The city has already made ambitious plans for the development of park thoroughfares in which the heights will directly benefit. Colorado Street will cross the channel on a viaduct beneath which will be the dam that will impound the proposed lake lying north of it.

A quarter of a mile further north, Sixth Street will cross the same channel, which then will be the north limit of the lake, and will continue on to Manila avenue, to be a 60-foot boulevard on the east side of the heights.

Seventh Street, it is planned, will also cut directly through the park and across the tract. Provision will be made for a road extending Fourth Street around the lake and cutting it up again with a continuation of the street through the tract.

The Alamitos Heights Improvement association, which at the present time is made up of about 35 property owners, has arranged that the district be included in the Naples - Alamitos Bay -State Street annexation election called for November 9th. If approved Long Beach will proceed to lay sidewalks and curbs, and to oil and gravel the six miles of laid-out streets in the tract and to restore the ten-year-old water mains now in a sad state of dilapidation. In this connection, the district has arranged for telephone conduits underground and gas extensions, both in the alleys.

The heights are bounded on the north and northwest by Hathaway Avenue (PCH today), plans for the development of which call for an 80 foot boulevard into State Street with which it connects.”

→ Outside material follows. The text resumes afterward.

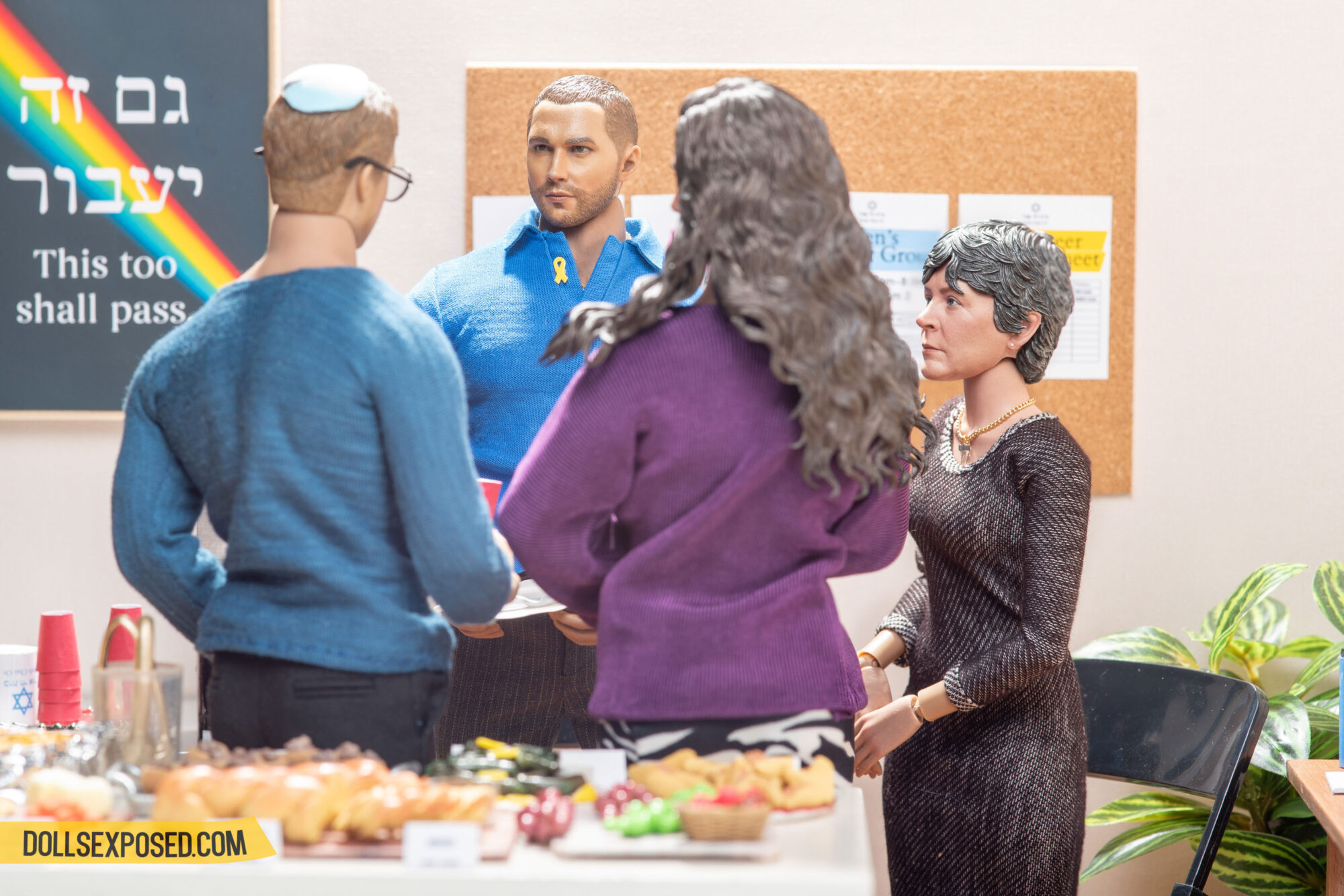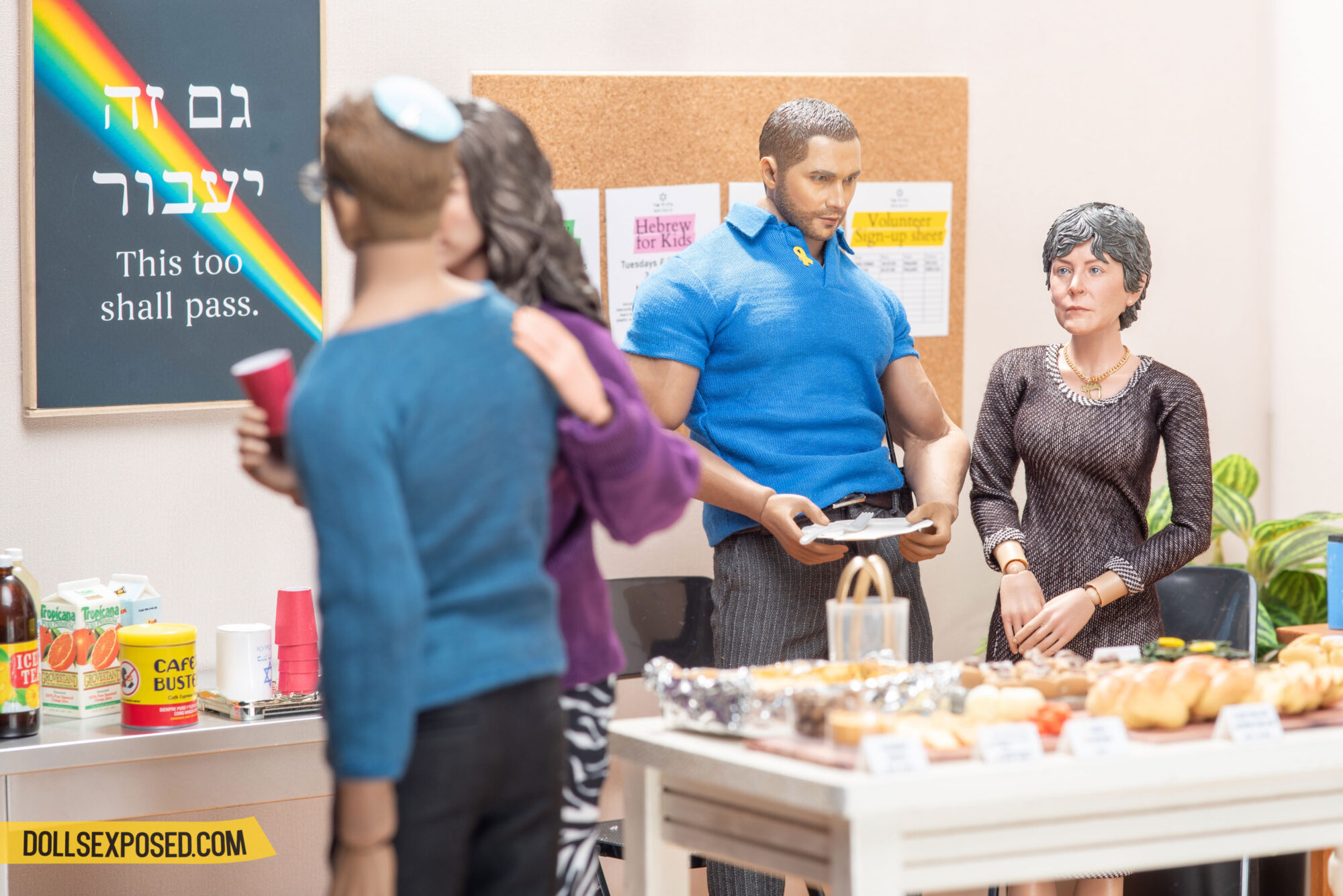 When Wade arrives at Beth Chai Or, he sees Eitan, one of the security volunteers, patrolling the perimeter. Wade already prepared a small container with his stuffed grape leaves and hamantaschen. Eitan thanks Wade and tells him to enjoy himself and he’ll radio Wade if there’s anything.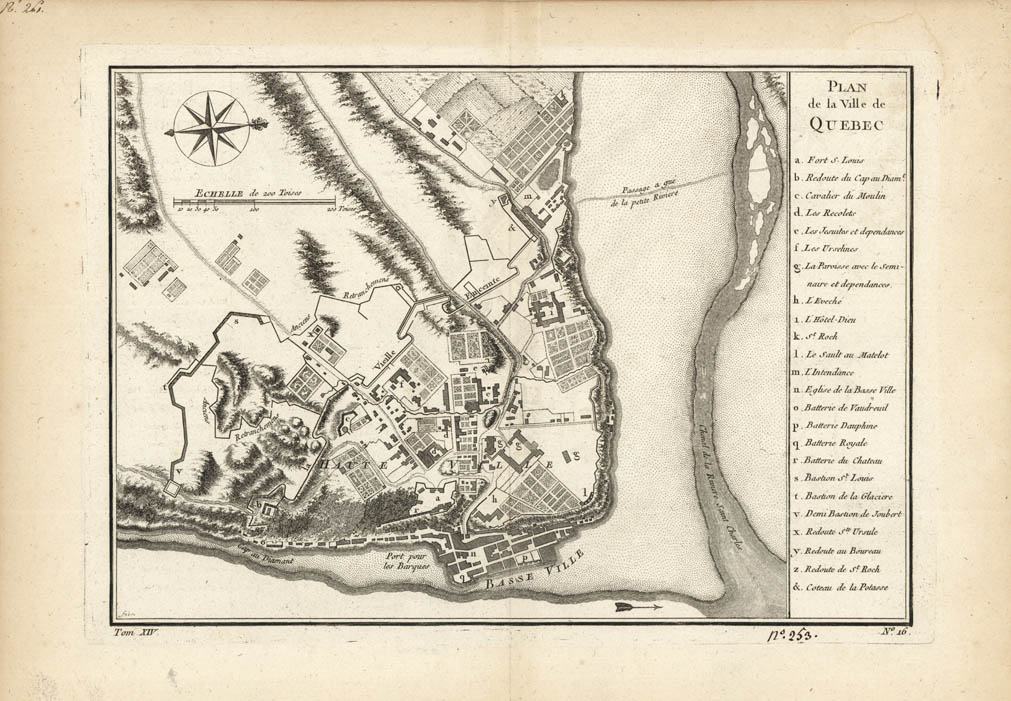 DESCRIPTION: A fine early map of the city of Quebec showing the city's fortifications with a key at right identifying the major buildings. This map appeared in Prevost's "L'Histoire Generale des Voyages".<br><br> The cartographer Jacques Nicolas Bellin (1703-1772) was one of the most important and proficient French cartographers of the eighteenth century. He was appointed the first Ingenieur Hydrographe de la Marine, and also the Official Hydrographer to the French King. <br><br>

The 14 lots, advertised as Lakeview Terrace, began sales in January 1924 with parcels starting at $5000 (about $48,000 in today’s dollars). But things were to change--on June 23, 1921 oil was discovered on Signal Hill. A rush for oil and wealth began immediately. In 1926 it appeared that Alamitos Heights was a good prospect for black gold. Lots that had sold for $5000 ($48,000) two years earlier were snapped up for $80,000 ($742,000) or more. Though some locals tried to keep out the oil interests, they were not successful. In 1927 all of Alamitos Heights was open for oil drilling. Most people avoided settling in the area because it was continually sprayed by oil from successful wells. However, by 1931, as the oil boom slowed, homes began to be built in the area once again. During the depression and World War II little housing was built anywhere, but in the 1950’s a housing boom hit all of America. It was during this time that many of the homes in the section of the Heights near 7th St. and Bellflower Blvd. were constructed. Since then, oil and homes have lived side by side, but gradually oil is losing out to housing.